In recent years, the desirability of packaging several integrated circuit chips within a single package or compact module has been appreciated. The resulting package provides relatively complex electronic functions as well as improved performance, enhanced density and shortened interconnect lines.
Such packages generally comprise multi-chip carriers, which include a substrate for supporting the chips and on which is formed a high density interconnect grid, which provides interconnection between pads of the various chips and also provides a connection to leads at the periphery of the package.
The chips are bonded to the substrate. The electrical connections between the multi-chip carrier and the chip pads as well as between the carrier and the package-leads are established by using suitable existing technologies, such as wire bonding, tape automated bonding, laser interconnect deposition and flip-chip bump bonding. Passive elements such as capacitors and inductors may also be mounted on the substrate.
The manufacture of multi-chip carriers normally involves the deposition onto a substrate and patterning of four different metal layers, having four different insulation layers therebetween.

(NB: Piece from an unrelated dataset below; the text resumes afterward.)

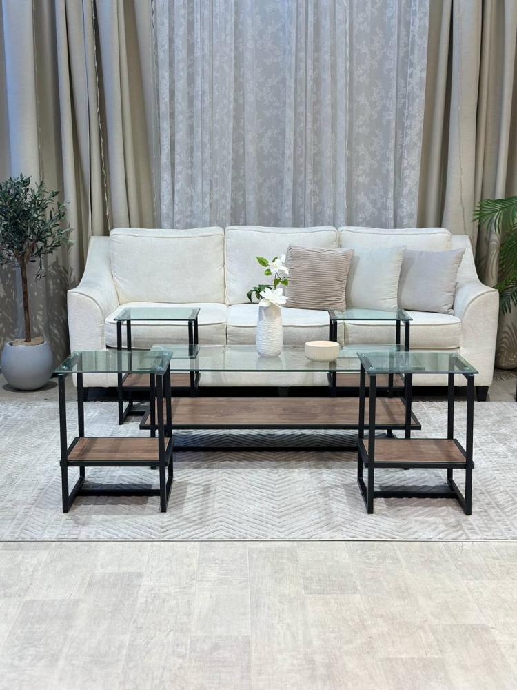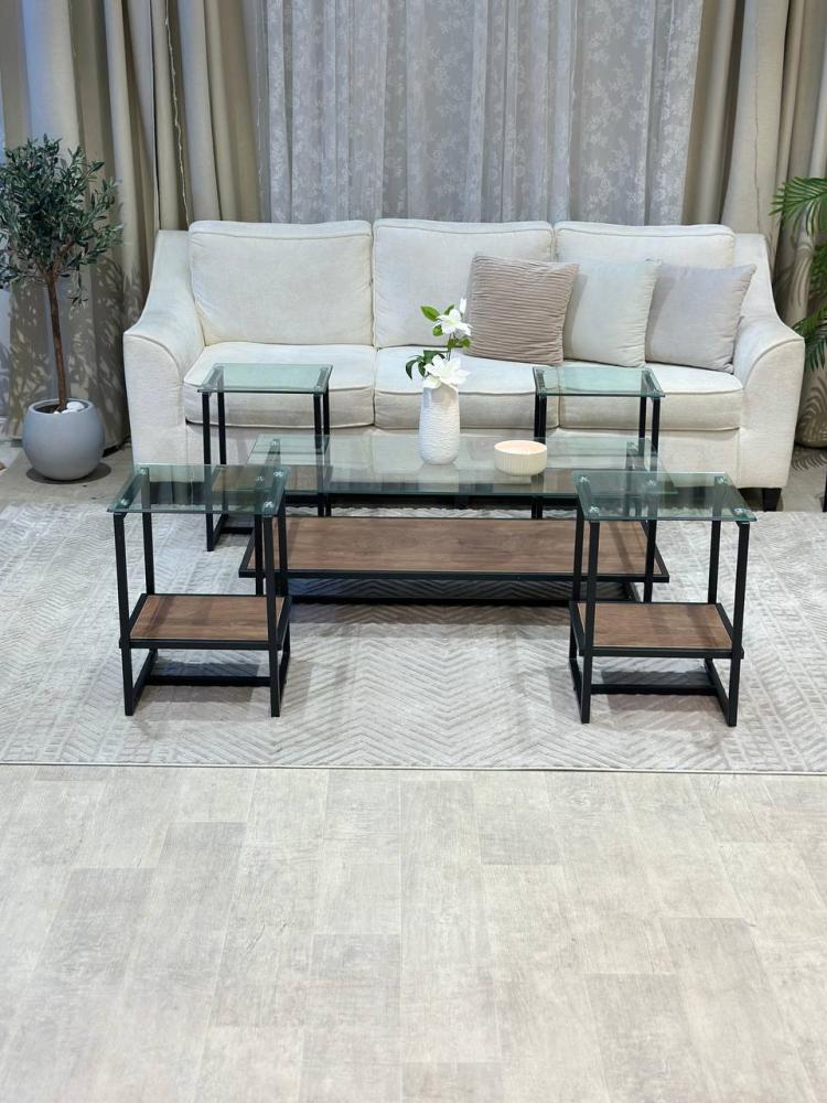 • المواد: يتكون الطقم من هيكل خشبي بني مع سطح زجاجي شفاف. الخشب يضيف طابعًا دافئًا وطبيعيًا، بينما يضفي الزجاج الشفاف مظهرًا عصريًا.

A typical manufacturing sequence is summarized hereinbelow:
A first metal layer, which may serve as a ground plane, is deposited on a substrate such as a glass plate, a ceramic plate or a silicon wafer.
A first insulation layer, such as polyimide or glass, is deposited over the first metal layer. Standard photolithography and etching techniques are employed to define vias through the insulation layer for connecting upper layers to the ground plane.
A second metal layer is deposited over the first insulation layer. This layer may serve as the power plane. Standard photolithography and etching techniques are employed to isolate the ground plane from the power plane by etching the metal around the previously formed vias.
A second insulation layer is deposited over the second metal layer. Standard photolithography and etching techniques are employed to define vias for connections of upper layers to the ground plane and power plane.
A third metal layer is deposited over the second insulation layer and patterned to form a bottom signal plane.
A third insulation layer is deposited over the third metal layer and patterned to define vias for connection to the underlying metal layers.
A fourth metal layer is deposited over the third insulation layer and patterned to form an upper signal plane which usually includes bonding pads by which the multi-chip carrier will be connected to the chips and to the package leads.
A fourth insulation layer is deposited over the fourth metal layer and patterned to define openings for the bonding pads.
The above-summarized process is long and costly and the product produced thereby is specific to a given application, such that each application requires a custom-made carrier.
An electrically programmable multi-chip carrier is described in an article entitled "Programmable Silicon Circuit Boards for High Density Packaging" in Semiconductor International, November 1987, page 32. This chip carrier is also described in an article entitled "An electrically programmable silicon circuit board," by Albert A. Bogdan, Proc. BUSCON'87 pp 156 ff.